Cook did not explicitly lay out Apple’s plans, but he spoke of “three vectors of change” that are set to disrupt the auto industry—self-driving cars, electric cars, and ride-sharing companies—and he did say that his company is focusing on “autonomous systems.”
“Clearly one purpose of autonomous systems is self-driving cars—there are others,” Cook said, “and we sort of see it as the mother of all AI projects—it’s probably one of the most difficult AI projects to work on.”
Apple has had, perhaps as a result of AI advances from competitors such as Google and Amazon, a recent push in its work on artificial intelligence, and it was one of the core topics that it discussed at its annual developer conference in San Jose, California, last week. The company opened up new capabilities for computer vision and machine learning on its devices to developers, and it has started to publish public research, as well as host meetings with other AI heavyweights.
Where this will actually all lead is unclear. Apple is testing autonomous vehicles on public roads in California right now, but there’s no indication as to how far along its research is, and Cook’s wording seems to suggest the company is focusing on the technology that controls an autonomous vehicle, rather than building a vehicle itself.

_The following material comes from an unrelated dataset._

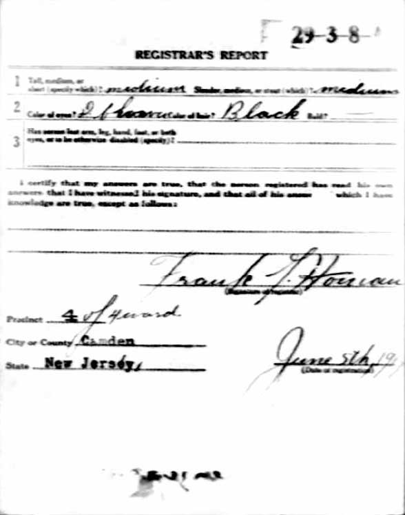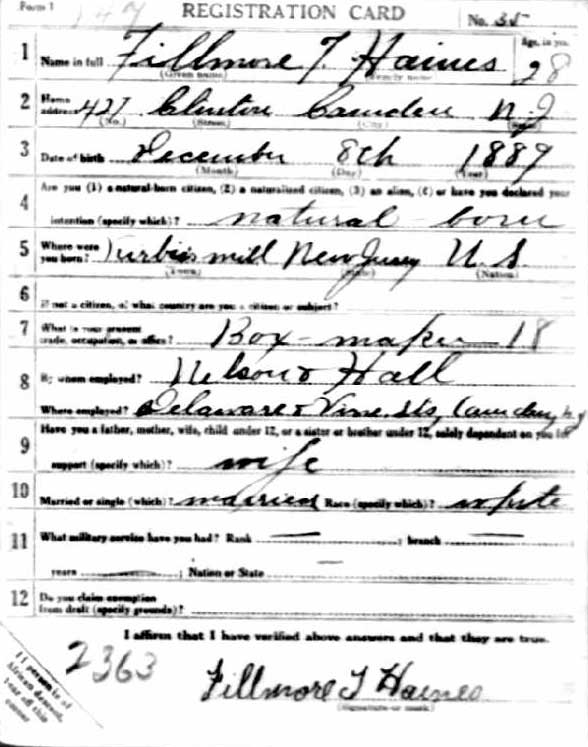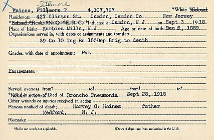 PRIVATE FILLMORE T. HAINES was born in Medford, New Jersey on December 8, 1889, near Kirby's Mill, one of twelve children born to Harvey Gabriel Haines and his wife, the former Lillian Turner. When the Census was taken in June of 1900, only five of the Haines children were living, Fillmore T. Haines being the oldest. His younger siblings were Ada, Lizzie, Walter, and William Haines. When the Census was again taken, in 1910, Fillmore T. Haines was living in Evesham Township on the farm of Thomas Braddock, where he worked as a farm laborer. He came to Camden, New Jersey after the compilation of the 1914 Camden City Directory. When Fillmore T. Haines registered for the draft on June 5, 1917 he was living at 427 Clinton Street in South Camden. He was then working as a box maker. Fillmore T. Haines was inducted into the United States Army on September 3, 1918 and sent to Camp Dix. It was there that he fell victim to the Spanish flu pandemic that had reached America from Europe. Private Fillmore T. Haines died from pneumonia brought on by the flu on September 28, 1918. His father, who was still living in Medford, was notified of his death. Fillmore T. Haines was brought home and buried at Medford Baptist cemetery in Medford Fillmore Haines was a member of the patriotic fraternal organization, the Improved Order of Red Men, belonging to Ottawa Tribe No. 15, which met in Morgan's Hall on Market Street in the years leading up to America's entry into World War I. Ottawa Tribe No. 15 members included J. Richard Geist, Ralph Benner, Burton Bagg, john harkins, Joseph Covert, and William Schucker. |

And perhaps Apple is actually focusing on something entirely different—as Cook said, cars are just one of many things that can benefit from operating on their own. ”Autonomy is incredibly exciting for us, but we’ll see where it takes us,” Cook said in the interview. “We’re not really saying for a product point of view what we will do, but where we are being straightforward is that it’s a core technology that we view as very important.”
Maybe instead of an Apple car hitting dealerships in the future, we’ll be seeing an Apple Roomba, an Apple drone, or an Apple R2-D2.